In this discussion, we will develop an ad hoc model that makes informational sense. The only point is to illustrate how Digital Philosophy can guide one’s thinking with regard to informational aspects of processes such as particle interactions. In ordinary physics, we accept as good theories those that correspond to mathematical models based on conservation laws or rules for calculating with amplitudes, and these are verified by experimental data. We can quickly throw out proposed mathematical models by showing that they violate one of the standard conservation laws. There is nothing wrong with that process but Digital Philosophy demands more. In addition, there must be an informational model that also makes sense. Digital Philosophy assumes that there are information laws, including Conservation of Information that must also be observed. A useful additional test involves looking at a process in reverse, to see that it still obeys all the laws. Strangely enough, we sometimes find it useful (as a heuristic) to look at the reverse of the reversed process!

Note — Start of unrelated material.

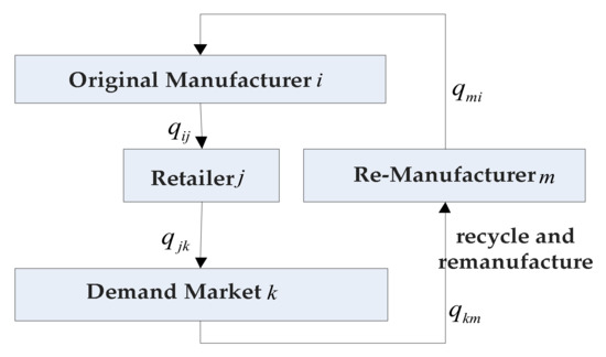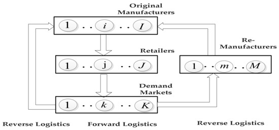 Consider a CLSC network that consists of original manufacturers, retailers, demand markets, and outsourced remanufacturers (referred to as remanufacturers). The situation is depicted in Figure 1. In Figure 1, multiple nodes in the top-level (respectively, the second level) of the forward logistic represent non-cooperation competitions between different original manufacturers (respectively, different retailers), whereas multiple nodes in the reverse logistic represent non-cooperation competitions between different remanufacturers. These mutual competitions constitute non-cooperative games. The links between different layers in the forward logistics (respectively, the reverse logistics) represent product transactions between original manufacturers and retailers and between retailers and demand markets (respectively, between original manufacturers and remanufacturers and between remanufacturers and demand markets). New products produced by the original manufacturers are sold to customers in the demand market through retailers, and these products become used products after they have been used by customers.

In order to understand this process we will take a look at the idealized interaction of 2 colliding billiard balls. For these examples we assume nothing other than translational motion in a plane and that the 2 balls are identical. If we make a movie of the collision of 2 perfectly elastic billiard balls, we see that kinetic energy and momentum are both conserved. If we look at the movie going backwards, everything still looks like good physics. From an informational point of view, one must be able to compute the trajectories of the 2 balls after the collision from information about the trajectories before the collision. No information is lost and the process is perfectly reversible.
Now let’s redo the experiment, except instead of elastic billiard balls, we are going to use a kind of cohesive putty so that the putty balls will stick to each other and not stick to anything else. Now, 2 putty balls on a collision course merge into one bigger ball when they collide. A careful set of experiments would reveal that momentum is conserved exactly. The kinetic energy of the 2 putty balls is not conserved. Instead, we assume that the lost kinetic energy has been converted into heat; the merged putty ball must be somewhat warmer than the 2 balls were before the collision. If we look at the movie going backwards, there appears to be a mystery as to how the one merged putty ball can separate into 2 identical balls, which are following the exact original trajectories in reverse.
Where in the one merged putty ball do we find the information defining the 2 trajectories? The answer is that it is encoded into the motions and vibrations of the molecules of the merged putty balls. The information was not destroyed because the putty had the possibility of lower modes of energy (heat) that could represent the information.
With fundamental particles the situation is much more interesting since there may not be the possibility of lower modes that can encode information as heat. To illustrate what we mean, we will consider the decay of a muon. A muon is much like an electron except that it is about 200 times as massive and it decays with a mean life of about 2 microseconds. It almost always decays into 3 particles, an electron, a muon neutrino and an electron antineutrino. A muon has a magnetic dipole field and when it decays, the electron is emitted in a direction that is correlated with the direction of the dipole field. Now we will look at the unlikely but physically correct reverse process. Along come an electron, a muon neutrino and an electron antineutrino. All three collide in the proper way and the result is a single muon whose magnetic dipole field is correlated with the direction of the electron. What we have is the trajectories of 3 particles that happen to come together and the result is the trajectory of one particle plus the direction of a magnetic dipole field! That process as stated conserves energy. It conserves momentum. It conserves lepton number. It conserves angular momentum. It conserves charge. However, how does it conserve information? Within DP there is the possibility that the vacuum state of some DM models can represent information the way that heat is able to do for macroscopic events like the collision of 2 putty balls. Cellular automata are wonderful systems for seeming to generate complexity out of simple beginnings. Computer models might enable us to take a look at how various DM models might deal with this informational situation. QM does so by characterizing the entire process as being the consequences of the reversible evolution of the wave function. However, that approach is not very satisfying. This particular DM model is designed to explore the concept of a particle model, in the Feynman sense, of all aspects of physics.
A long time ago there was a problem in physics associated with beta decay. When a neutron decays, it was observed that the decay products included a proton and an electron. This might have made sense in terms of conservation of energy, momentum and charge however it could not make sense in terms of spin. This is because each fermion has a spin of ½. There is no way that the combined spin of the proton and the electron could add up to ½.
±½ ± ½ ¹ ±½
The solution was to invent another fermion, the neutrino with spin ½. As it turned out, the neutrino had a lot of other reasons for existence.
While it may all seem obvious today, solving the problem by inventing a new kind of particle was pretty brave.